When you need to understand a new codebase — "Give me an overview of this project's architecture." The assistant explores the directory tree, reads key files, and maps out the structure.

When you need to fix a bug — "The login page shows a blank screen after submitting." The assistant greps for relevant code, reads the components, identifies the issue, and applies a fix with apply_diff.

When you want safe experimentation — every file modification is tracked per-conversation with full undo support. Click the undo button to roll back any changes the assistant made.

Multi-root projects — add multiple directories as roots (e.g. frontend + backend repos). The assistant resolves namespaced paths across all roots.
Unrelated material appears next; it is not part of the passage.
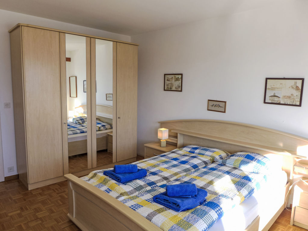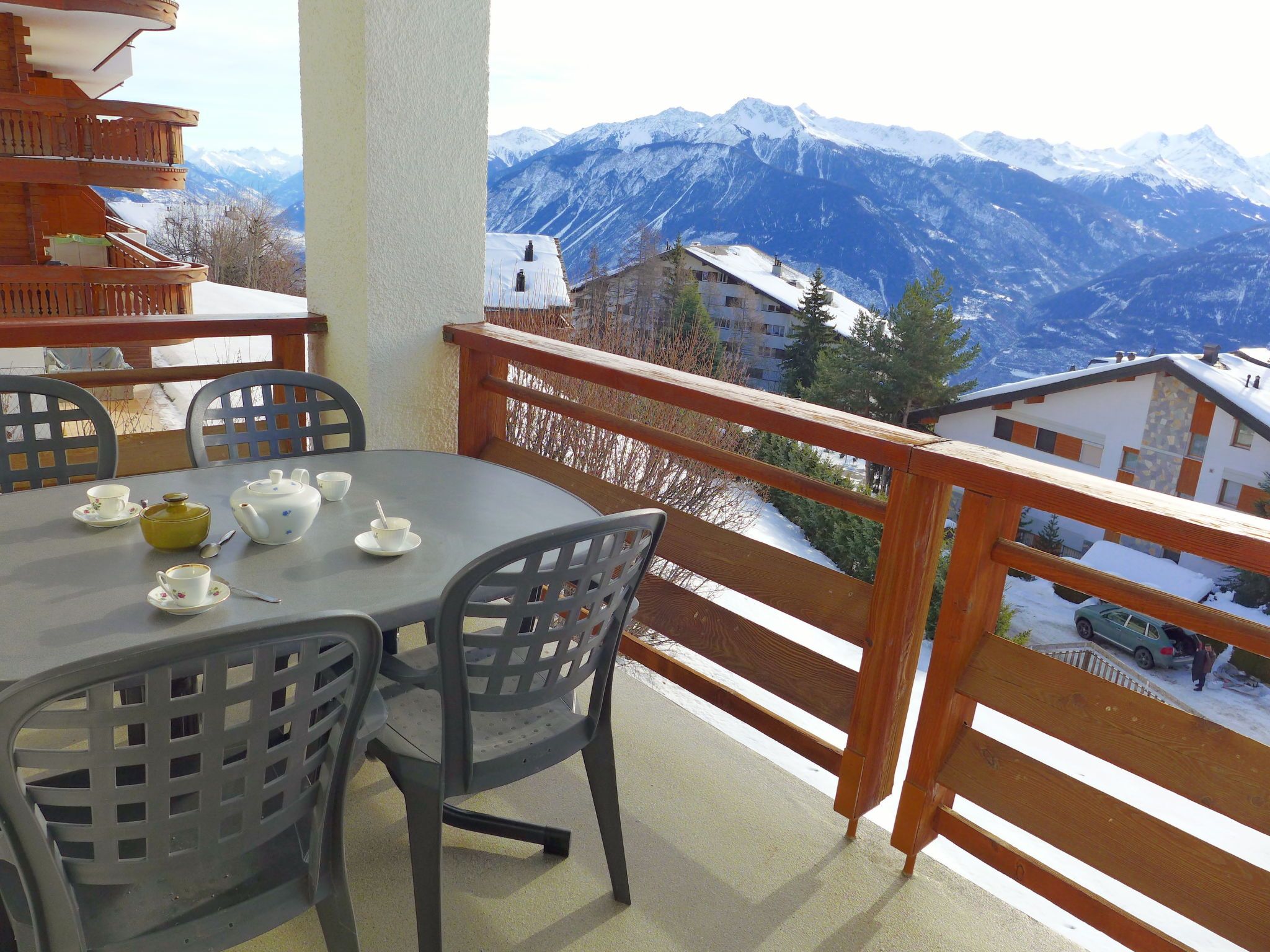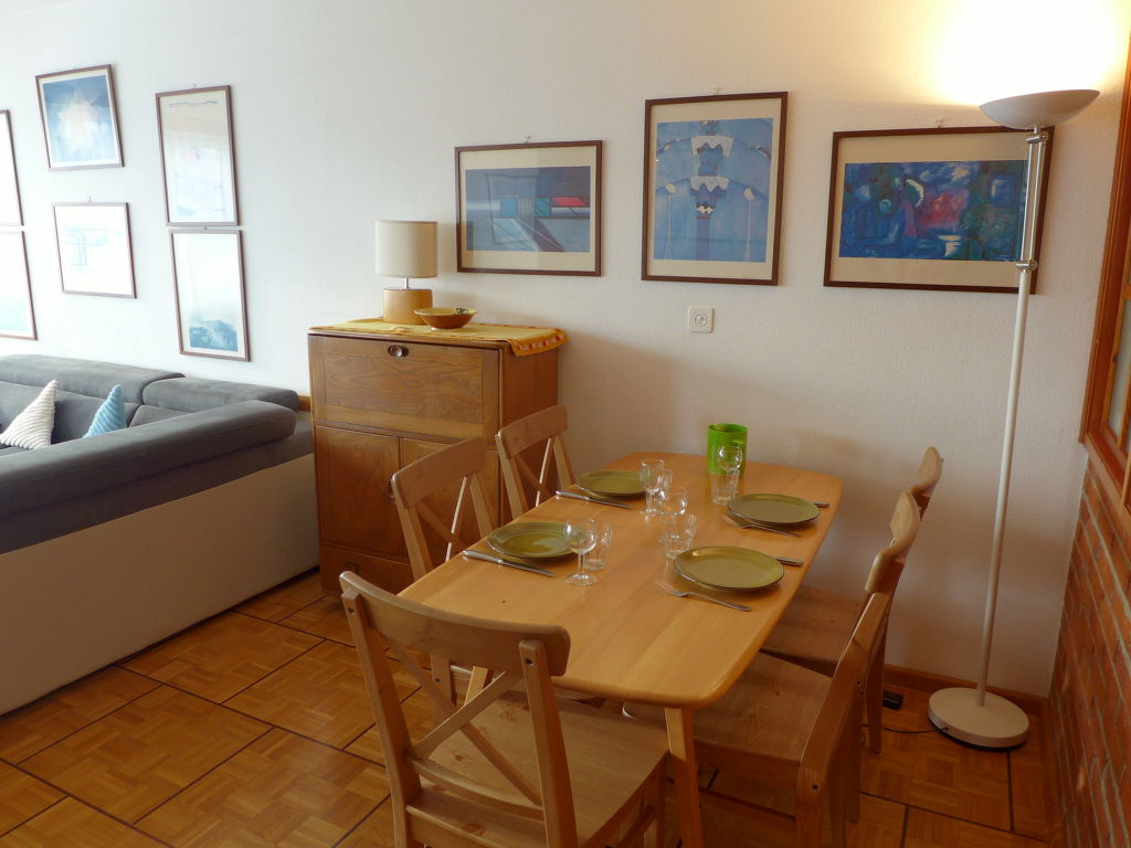 Grand Large A 18, 3-Zimmer-Wohnung 78 m2 im 3. Stock. Wohn-/Esszimmer mit offenem Kamin und Kabel-TV. Ausgang zum Balkon. 1 Zimmer, Richtung Osten mit 2 Betten (90 cm, Länge 190 cm). 1 Zimmer mit 1 franz. Bett (160 cm, Länge 200 cm). Ausgang zum Balkon, Richtung Süden. Küche (3 Kochplatten, Backofen, Toaster, Wasserkocher, Mikrowelle, elektrische Kaffeemaschine, Kapseln für die Kaffeemaschine (NESPRESSO) extra, Racletteofen, Fondue Set (Käse)). Bad/Bidet/WC. Balkon, Südlage. Balkonmöbel. Sehr schöne Sicht auf die Berge. Zur Verfügung: Haartrockner. Internet (Wireless LAN, gratis). Garage Nr. 8 in 400 m, Höhe 205 cm, Breite 245 cm. Bitte beachten: Nichtraucher-Unterkunft. Garagenplatz in der Residenz Curling. Boiler 120 Liter: begrenzte Kapazität.
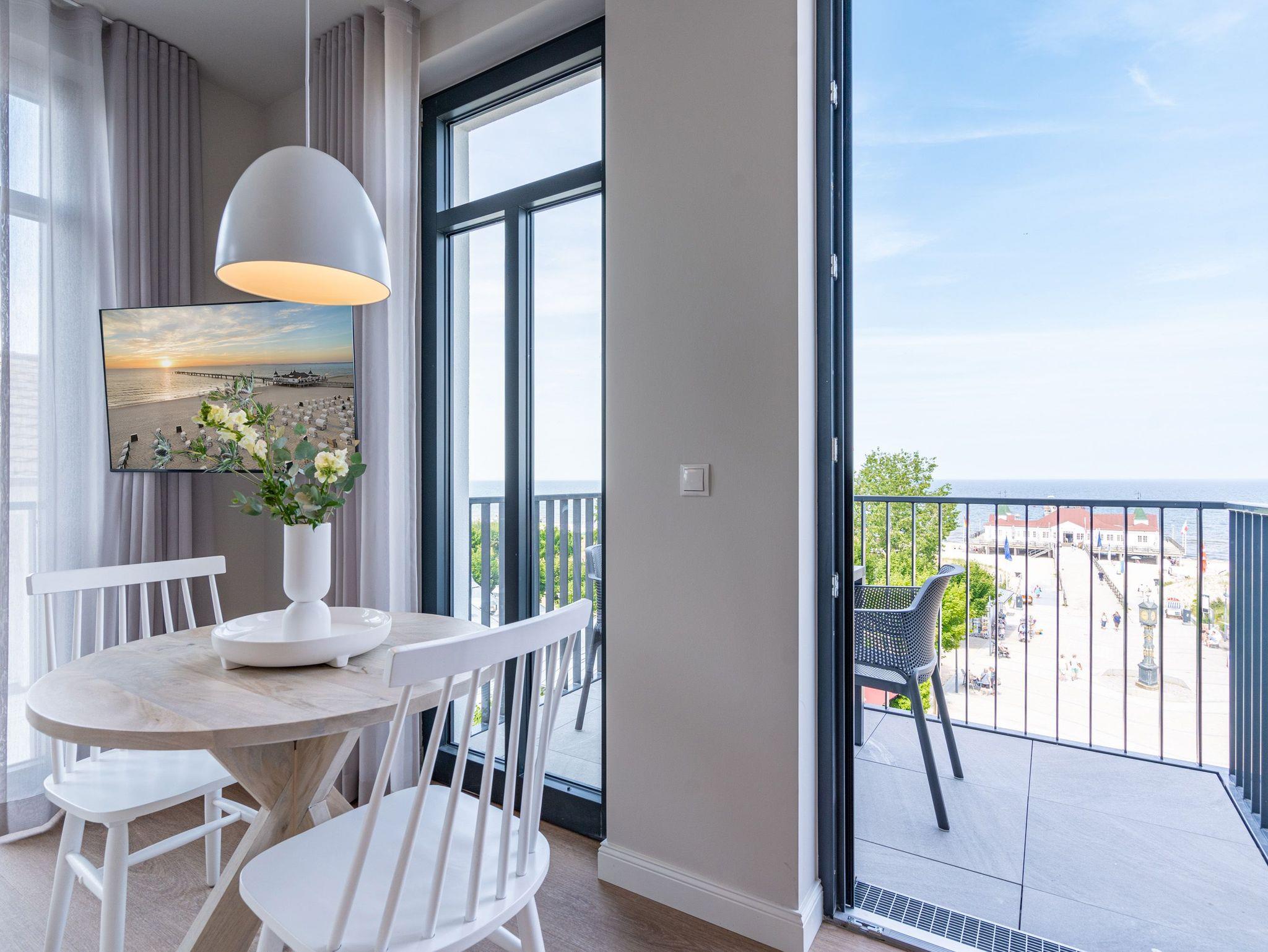 Modernes Appartement mit Meerblick und zwei Balkonen direkt an der Ahlbecker Seebrücke.

Smart token management — the content_ref mechanism lets the assistant write a previous tool result to a file without re-generating it, and emit_to_user ends a turn by pointing you to existing tool output instead of repeating it. This saves significant tokens on large files.


🤖 Multi-Agent Swarm

Some tasks are too big for a single agent. The swarm system lets a master orchestrator plan sub-tasks and delegate them to specialist agents running in parallel.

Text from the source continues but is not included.